Up the garden path

Illustration from a collection of fables

The hare was not found

 

Certain mysterious events took place over last weekend, events which have not been and indeed are unlikely ever to be accounted for. At any rate, soon after these events took place, our hero disappeared amid a hum of speculation.

Before long, social media was buzzing with rumours and jokes as to his whereabouts and his intentions. Could his people really have lost him, after four decades? Was this the end of a generations-old tradition? Could he be dead to them now?

Then, a day or two later, having led everyone up the garden path and down again, he emerged – looking a little soiled but otherwise acting normal – from the hole he had dug for himself. His beady eyes blinking in the inadequate sunlight, he revealed he was perfectly satisfied with his current circumstances and had no intention of leaving.

Reactions to the news included relief, bemusement, embarrassment and mirth, but our hero was oblivious to all that. After he’d had a nice meal, he merely waited serenely for an invitation to go on morning radio.

You think this is about Eamon Ó Cuiv, don’t you? In fact I’m referring to Florentine the 100-year-old tortoise, who vanished from his home in Rathgar, south Dublin, at the weekend, or so his family thought. They notified the gardaí of the disappearance, put posters up about the place, and launched a campaign to find him on social media.

This was only a moderately good human-interest story but, partly because it presented an unmissable opportunity to pun (‘shell-shocked’, ‘shell-ebrity’ etc), and partly because everyone wanted to know exactly how far you could get in Rathgar at 0.17 miles an hour, the story grew legs, as it were.

Soon the hashtag #rathgartortoise was a top trend on Twitter, and the item had been covered by most major news outlets. Another 24 hours and someone would surely have reported seeing a hare snoozing somewhere in Dublin 6, just to provide the fable with a second act. That or some boffin might have explored the James Joyce connection. Joyce was born just around the corner in Brighton Square; that “tortoise napecomb” he mentions in Ulysses could have come from one of Florentine’s luckless relations, and Florentine might have been bent on melodramatic revenge.

Anyway, the yarn was cut short by events, or perhaps even by Saint Anthony, who knows?
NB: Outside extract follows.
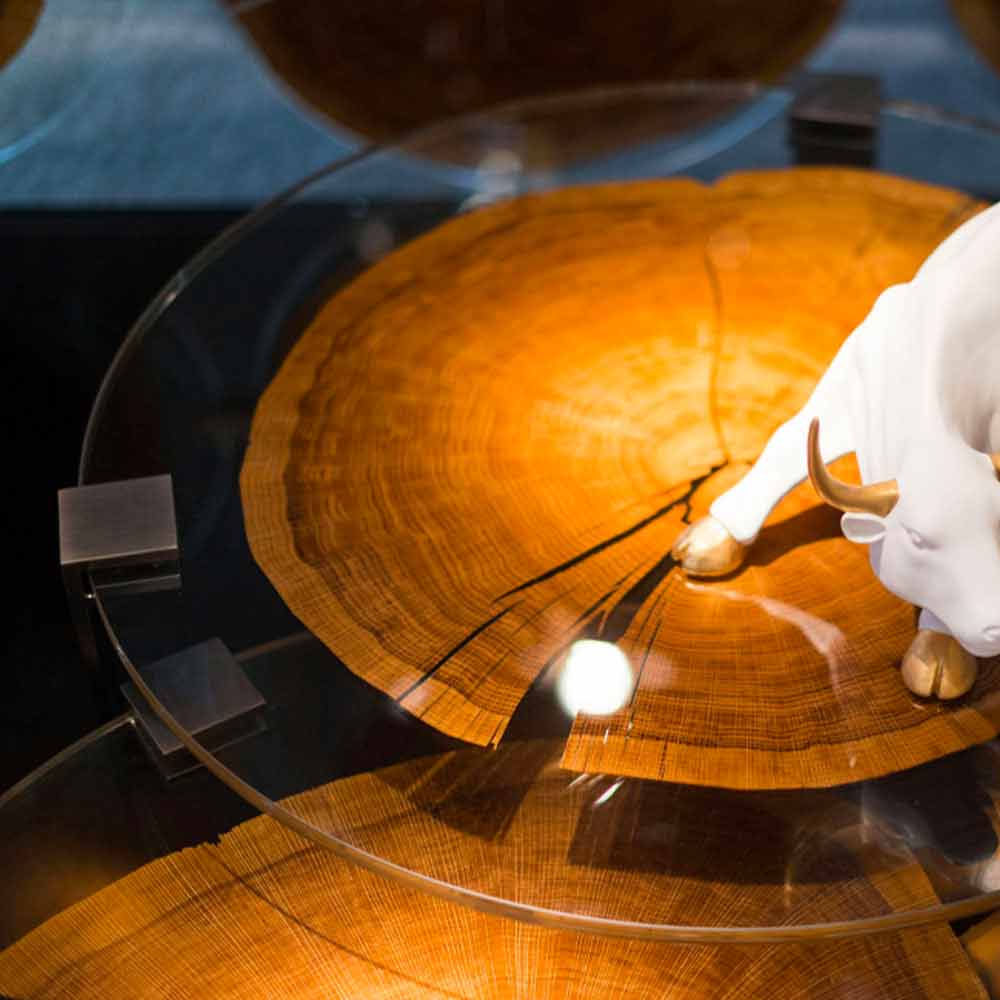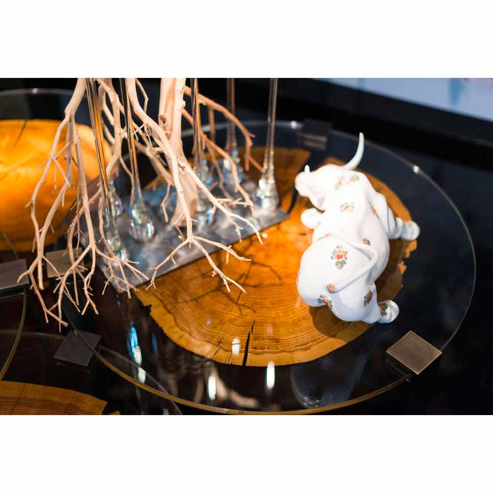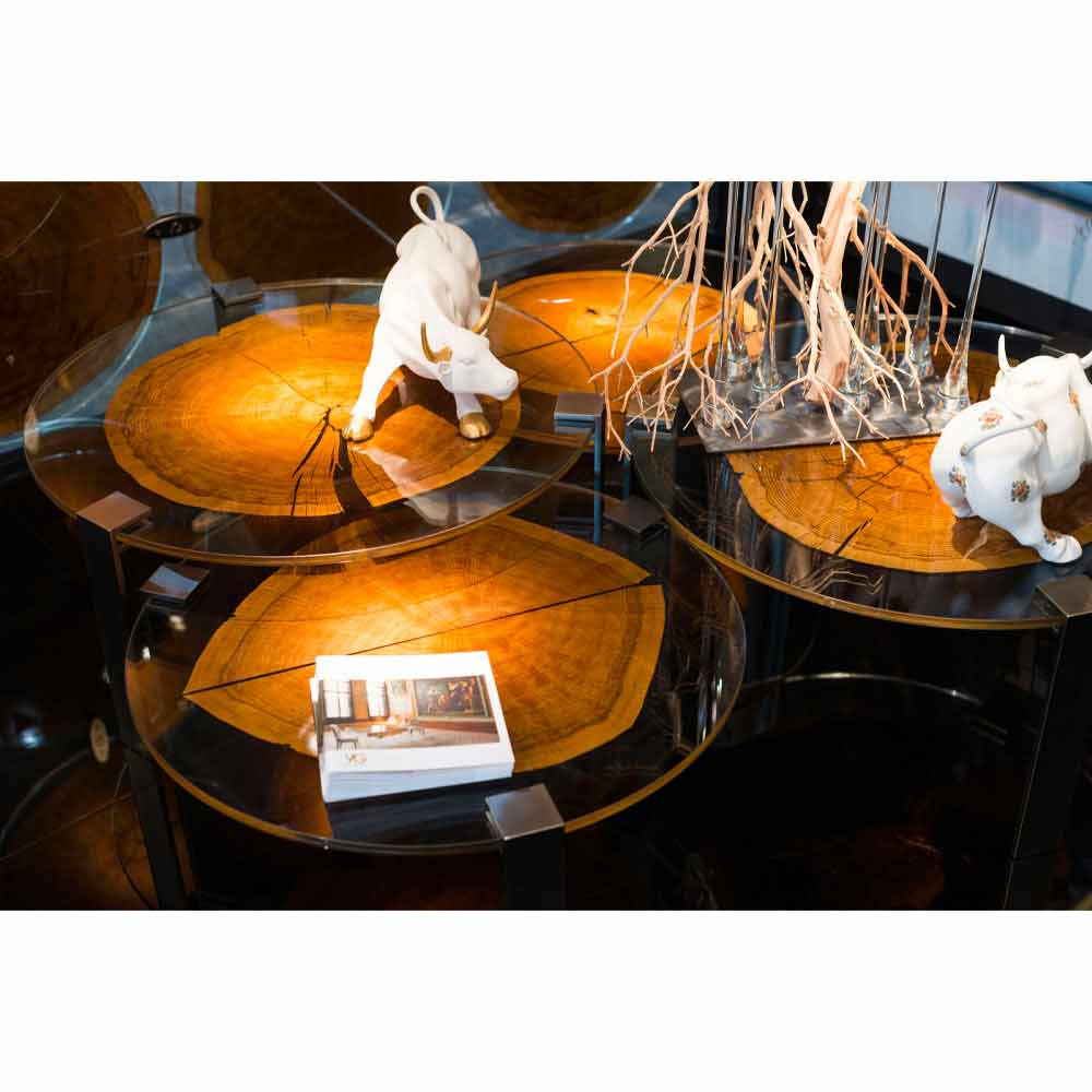 Salontafel gemaakt in Italiëmet rond blad in gekoppeld glas (5 + 5 mm) waarbinnen een dun deel van gezaagd hout is geplaatst, ondersteund door 3 metalen poten met gepolijste messing afwerking . Uit de exclusieve combinatie van de verfijnde aanraking van glas, de prachtige kleuren van hout en de moderne esthetiek van metaal, is een unieke inrichtingsoplossing geboren die zijn idee baseert op concepten van innovatie en elegantie voor een avant-gardistisch resultaat met een sterke persoonlijkheid. eigentijds . De kracht wordt vertegenwoordigd door de perfecte combinatie van afwerkingen en materialen die de waarde van de salontafel verhogen zonder ooit het fundamentele functionele aspect te verwaarlozen dat wordt benadrukt door de 100% Made in Italy vakmanschap en het gebruik van hoogwaardige grondstoffen, waardoor een meubelaccessoire kan worden aangeboden met een revolutionaire schoonheid en tegelijkertijd bijzonder solide en resistent .

There are agnostics who swear by Saint Anthony’s ability to locate lost things. On Tuesday it was reported that Florentine had been found safe and well, covered in muck, in his own flowerbed, having never gone anywhere. (Allegedly. By all accounts there was no sign of a hare in the garden at the time. The reader is invited to draw his or her own conclusions from that. But I’ll wager they didn’t call them ninja turtles for nothing.)

Florentine was given a celebratory (gamely resisting the temptation to say shellebratory there) meal of lettuce, followed by a pudding of strawberries, and was taken more or less immediately to the RTE studios to be photographed with John Murray.
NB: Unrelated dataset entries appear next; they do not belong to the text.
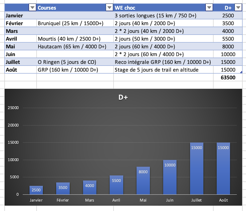 L’idée est d’arriver le jour J avec au moins 50000 mètres de dénivelé positif en respectant une progressivité.
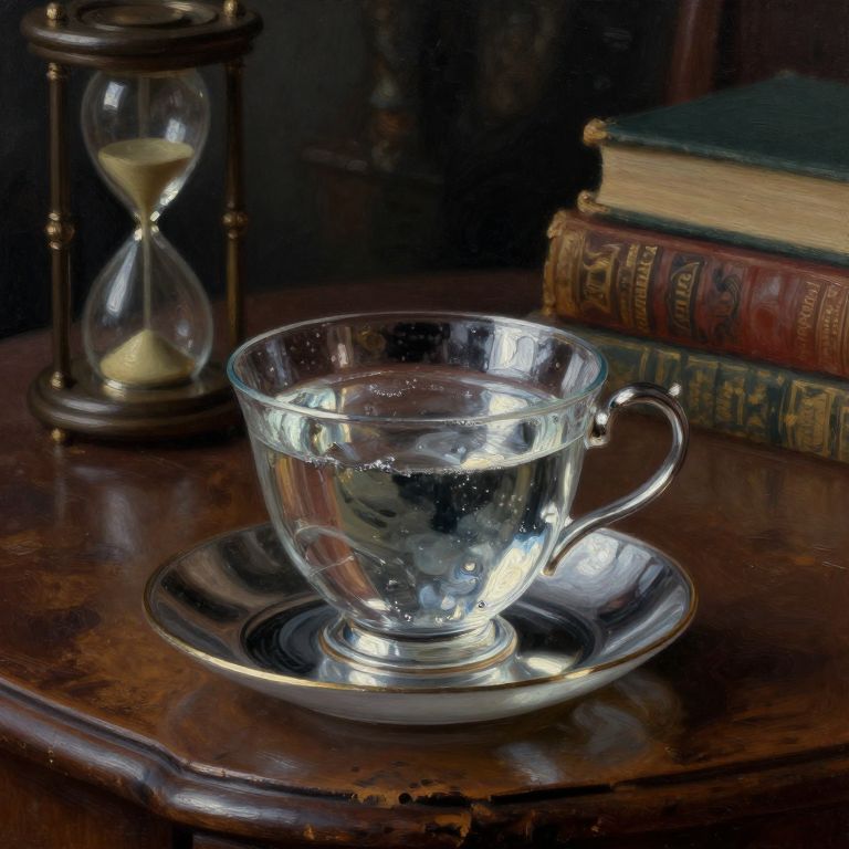 Photograph of a vintage scene featuring a transparent glass teacup and saucer filled with clear water, placed on a polished wooden table. To the left, an antique brass hourglass with sand running down is visible. Behind the teacup, two old, leather-bound books with ornate gold detailing are stacked. The background is dark, creating a contrast that highlights the glassware and books. The table's surface reflects light, adding a sense of depth and realism to the image.
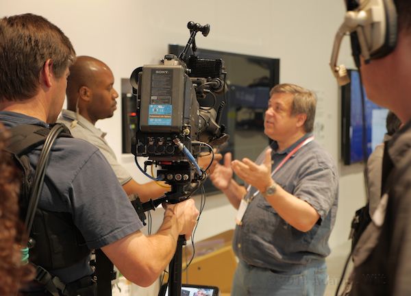 Sony’s Gary Mandle, Maestro of Monitors, gives an interview to a roaming Sony Steadicam, during booth setup on Saturday afternoon:
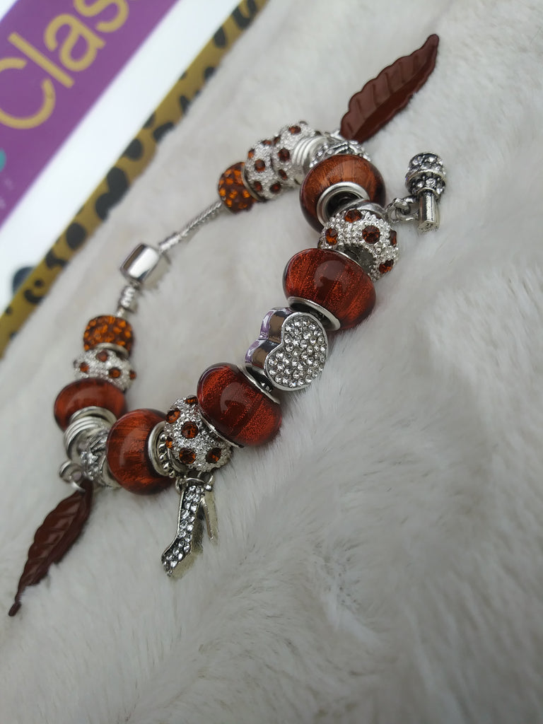 7.5" Sparkling Chic One-of-a-Kind Warm Chocolate Crystal Adorned Fall Inspired "BeYoutiful Autumn" Silver Alloy Charm Bracelet Featuring our "BeYoutiful Coffee" Murano Glass Glamour Charm Beads

‘Ireland breathes sigh of relief as 100-year-old tortoise found!’, exclaimed the BBC, even though we’ve asked the BBC a thousand times not to exaggerate.

“I will continue to work from within, to serve the party,” said Florentine. Oops, sorry, silly me, confused again. Of course he didn’t say that. He was, however, photographed looking a bit daft. I’m not confused on that score. It’s something he really should be more careful about, as he is by no means as daft as he looks.

Florentine’s family were understandably mortified. “We were amazed by the speed and extent of the coverage,” Cliona Eogan, one of his owners, was reported to say. “We are very grateful, if a little embarrassed given the outcome.”

Don’t say another word about it. Pets are inherently embarrassing, as anyone with a dog (‘I want to sniff your privates’) or a cat (‘I want you to sniff my privates’) will tell you. The wonder is that Florentine has lived with the same family for 40 years and yet never embarrassed them before. There must have been countless ways to embarrass a 1970s Dublin family if he’d only used his imagination.

Anyway, everyone understands how it feels to make a big fuss about something that turns out to be nothing, or to indulge in a spot of attention-seeking and then regret it. Developed a bunion and assumed it was cancer? Lost your temper about something that was your own fault? Imagined yourself insulted? Took a principled stand about something – an austerity treaty, say – and then had a change of heart?

Step forward, anyone who has never been a bit of a drama queen. Where do you think you’re going, O Cuiv?